>>>

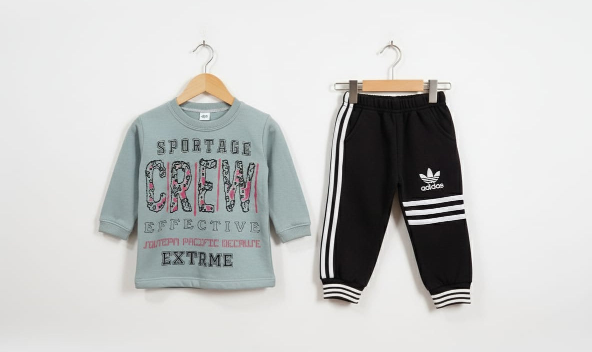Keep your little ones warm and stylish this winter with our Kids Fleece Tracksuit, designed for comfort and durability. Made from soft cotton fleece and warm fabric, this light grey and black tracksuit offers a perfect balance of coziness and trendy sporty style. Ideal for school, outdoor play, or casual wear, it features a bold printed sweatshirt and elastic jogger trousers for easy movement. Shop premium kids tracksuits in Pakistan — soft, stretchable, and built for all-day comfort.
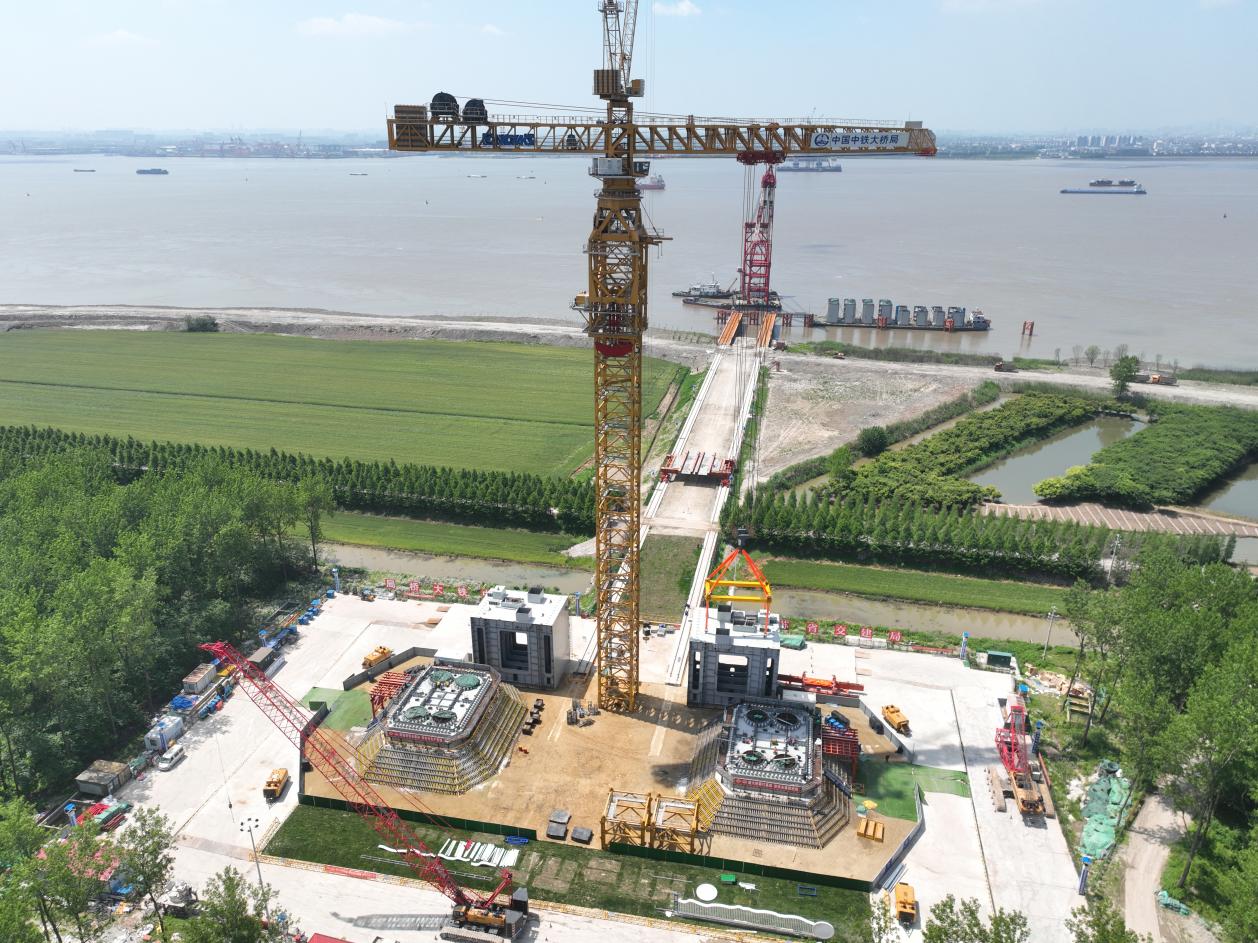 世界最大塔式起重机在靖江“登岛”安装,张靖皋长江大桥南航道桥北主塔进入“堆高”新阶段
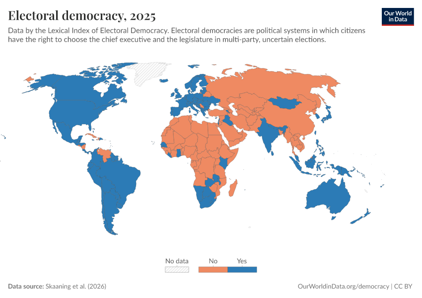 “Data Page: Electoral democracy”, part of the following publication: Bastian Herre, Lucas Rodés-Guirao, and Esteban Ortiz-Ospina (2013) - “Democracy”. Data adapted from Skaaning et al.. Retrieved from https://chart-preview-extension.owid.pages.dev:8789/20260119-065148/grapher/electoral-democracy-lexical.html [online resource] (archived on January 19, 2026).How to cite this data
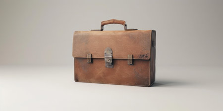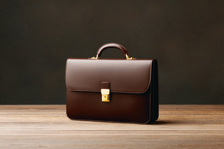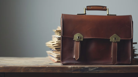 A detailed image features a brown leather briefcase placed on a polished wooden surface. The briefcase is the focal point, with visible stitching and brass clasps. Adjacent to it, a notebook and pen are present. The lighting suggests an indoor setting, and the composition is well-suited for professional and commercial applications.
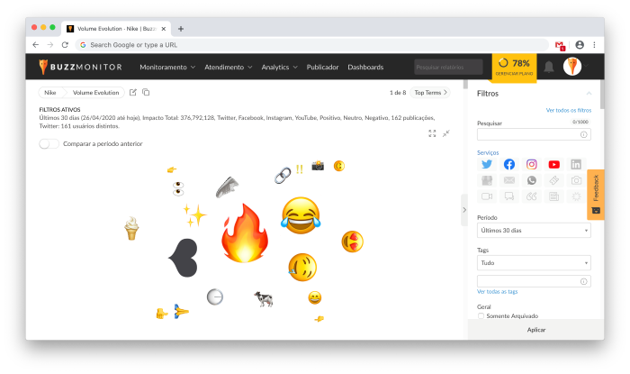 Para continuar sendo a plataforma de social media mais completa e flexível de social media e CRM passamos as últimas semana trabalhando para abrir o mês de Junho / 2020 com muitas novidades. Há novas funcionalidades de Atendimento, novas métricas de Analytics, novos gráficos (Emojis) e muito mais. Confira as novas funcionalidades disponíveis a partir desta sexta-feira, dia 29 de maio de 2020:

<<<

◆ Problem ◆
Start at the line containing "cite this data" above and stop at the line containing "A detailed image". Output those lines exactly, both included, but none of the pictures.

◆ Reply to the exercise ◆
 “Data Page: Electoral democracy”, part of the following publication: Bastian Herre, Lucas Rodés-Guirao, and Esteban Ortiz-Ospina (2013) - “Democracy”. Data adapted from Skaaning et al.. Retrieved from https://chart-preview-extension.owid.pages.dev:8789/20260119-065148/grapher/electoral-democracy-lexical.html [online resource] (archived on January 19, 2026).How to cite this data
 A detailed image features a brown leather briefcase placed on a polished wooden surface. The briefcase is the focal point, with visible stitching and brass clasps. Adjacent to it, a notebook and pen are present. The lighting suggests an indoor setting, and the composition is well-suited for professional and commercial applications.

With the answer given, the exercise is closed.